Materials provided Start Marker
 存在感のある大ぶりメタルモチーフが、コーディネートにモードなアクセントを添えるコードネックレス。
Materials provided End Marker
Materials provided Start Marker
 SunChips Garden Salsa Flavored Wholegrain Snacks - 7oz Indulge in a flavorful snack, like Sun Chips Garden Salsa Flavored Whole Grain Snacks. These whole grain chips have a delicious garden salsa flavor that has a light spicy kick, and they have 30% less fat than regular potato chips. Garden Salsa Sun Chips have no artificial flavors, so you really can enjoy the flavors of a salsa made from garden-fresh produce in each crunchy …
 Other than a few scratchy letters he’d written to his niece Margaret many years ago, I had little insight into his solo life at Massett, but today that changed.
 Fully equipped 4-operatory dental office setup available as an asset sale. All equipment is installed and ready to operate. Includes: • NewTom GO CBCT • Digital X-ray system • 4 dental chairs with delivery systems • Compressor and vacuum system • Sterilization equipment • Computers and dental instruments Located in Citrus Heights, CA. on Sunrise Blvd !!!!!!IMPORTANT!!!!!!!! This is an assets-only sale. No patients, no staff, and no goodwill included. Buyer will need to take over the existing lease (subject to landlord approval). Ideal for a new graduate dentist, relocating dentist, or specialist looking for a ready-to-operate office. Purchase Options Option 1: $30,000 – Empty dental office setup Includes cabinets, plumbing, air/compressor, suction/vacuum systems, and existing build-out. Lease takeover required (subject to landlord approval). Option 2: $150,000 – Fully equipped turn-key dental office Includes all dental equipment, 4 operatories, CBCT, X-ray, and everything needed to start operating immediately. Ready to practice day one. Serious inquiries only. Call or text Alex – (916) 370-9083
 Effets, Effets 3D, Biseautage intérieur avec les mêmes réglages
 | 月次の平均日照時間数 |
Materials provided End Marker
▶ Work instructions: Given the data above, transcribe exactly the lines from the one containing "SunChips Garden Salsa" down to the one containing "Fully equipped 4-operatory", and no others.

▶ Response to this task:
 SunChips Garden Salsa Flavored Wholegrain Snacks - 7oz Indulge in a flavorful snack, like Sun Chips Garden Salsa Flavored Whole Grain Snacks. These whole grain chips have a delicious garden salsa flavor that has a light spicy kick, and they have 30% less fat than regular potato chips. Garden Salsa Sun Chips have no artificial flavors, so you really can enjoy the flavors of a salsa made from garden-fresh produce in each crunchy …
 Other than a few scratchy letters he’d written to his niece Margaret many years ago, I had little insight into his solo life at Massett, but today that changed.
 Fully equipped 4-operatory dental office setup available as an asset sale. All equipment is installed and ready to operate. Includes: • NewTom GO CBCT • Digital X-ray system • 4 dental chairs with delivery systems • Compressor and vacuum system • Sterilization equipment • Computers and dental instruments Located in Citrus Heights, CA. on Sunrise Blvd !!!!!!IMPORTANT!!!!!!!! This is an assets-only sale. No patients, no staff, and no goodwill included. Buyer will need to take over the existing lease (subject to landlord approval). Ideal for a new graduate dentist, relocating dentist, or specialist looking for a ready-to-operate office. Purchase Options Option 1: $30,000 – Empty dental office setup Includes cabinets, plumbing, air/compressor, suction/vacuum systems, and existing build-out. Lease takeover required (subject to landlord approval). Option 2: $150,000 – Fully equipped turn-key dental office Includes all dental equipment, 4 operatories, CBCT, X-ray, and everything needed to start operating immediately. Ready to practice day one. Serious inquiries only. Call or text Alex – (916) 370-9083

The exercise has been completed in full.